_Recorded information_
------------------------------------------------

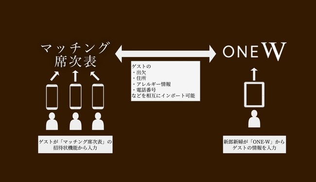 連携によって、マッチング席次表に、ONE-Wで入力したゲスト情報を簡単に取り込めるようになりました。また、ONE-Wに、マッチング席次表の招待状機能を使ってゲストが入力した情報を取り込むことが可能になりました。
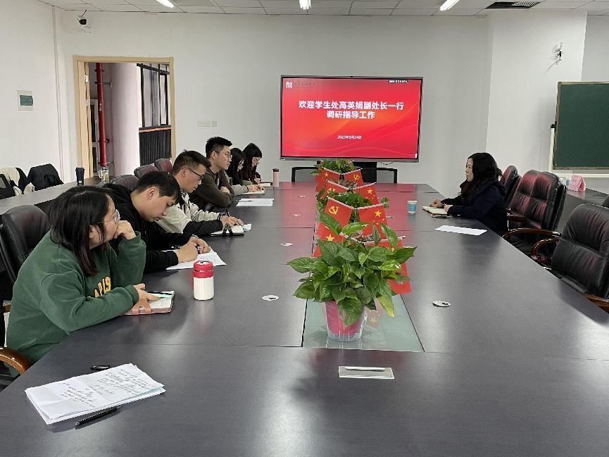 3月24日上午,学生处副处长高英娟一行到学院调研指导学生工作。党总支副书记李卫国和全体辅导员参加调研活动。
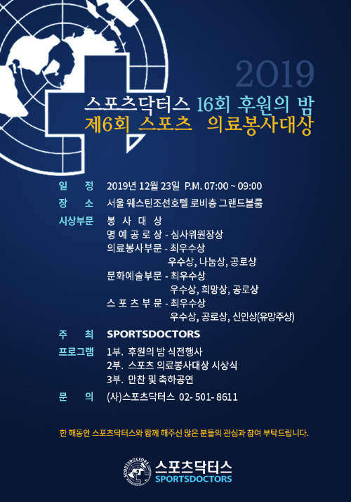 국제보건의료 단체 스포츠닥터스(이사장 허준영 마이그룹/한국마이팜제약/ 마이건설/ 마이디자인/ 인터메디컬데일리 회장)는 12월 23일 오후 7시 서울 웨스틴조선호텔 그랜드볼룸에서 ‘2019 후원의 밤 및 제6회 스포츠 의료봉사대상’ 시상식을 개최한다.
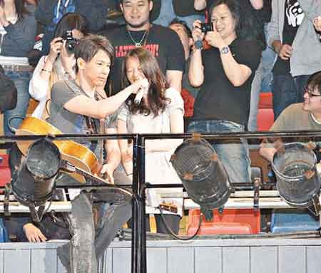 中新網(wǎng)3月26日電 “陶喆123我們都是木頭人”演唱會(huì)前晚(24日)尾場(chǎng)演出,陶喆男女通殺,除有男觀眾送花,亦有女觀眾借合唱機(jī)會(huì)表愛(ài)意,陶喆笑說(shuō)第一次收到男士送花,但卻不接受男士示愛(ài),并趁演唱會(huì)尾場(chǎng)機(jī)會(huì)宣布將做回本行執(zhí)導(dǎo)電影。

------------------------------------------------

Reproduce all the data as it stands. The pictures are not part of the copy.

_Exercise result_
 連携によって、マッチング席次表に、ONE-Wで入力したゲスト情報を簡単に取り込めるようになりました。また、ONE-Wに、マッチング席次表の招待状機能を使ってゲストが入力した情報を取り込むことが可能になりました。
 3月24日上午,学生处副处长高英娟一行到学院调研指导学生工作。党总支副书记李卫国和全体辅导员参加调研活动。
 국제보건의료 단체 스포츠닥터스(이사장 허준영 마이그룹/한국마이팜제약/ 마이건설/ 마이디자인/ 인터메디컬데일리 회장)는 12월 23일 오후 7시 서울 웨스틴조선호텔 그랜드볼룸에서 ‘2019 후원의 밤 및 제6회 스포츠 의료봉사대상’ 시상식을 개최한다.
 中新網(wǎng)3月26日電 “陶喆123我們都是木頭人”演唱會(huì)前晚(24日)尾場(chǎng)演出,陶喆男女通殺,除有男觀眾送花,亦有女觀眾借合唱機(jī)會(huì)表愛(ài)意,陶喆笑說(shuō)第一次收到男士送花,但卻不接受男士示愛(ài),并趁演唱會(huì)尾場(chǎng)機(jī)會(huì)宣布將做回本行執(zhí)導(dǎo)電影。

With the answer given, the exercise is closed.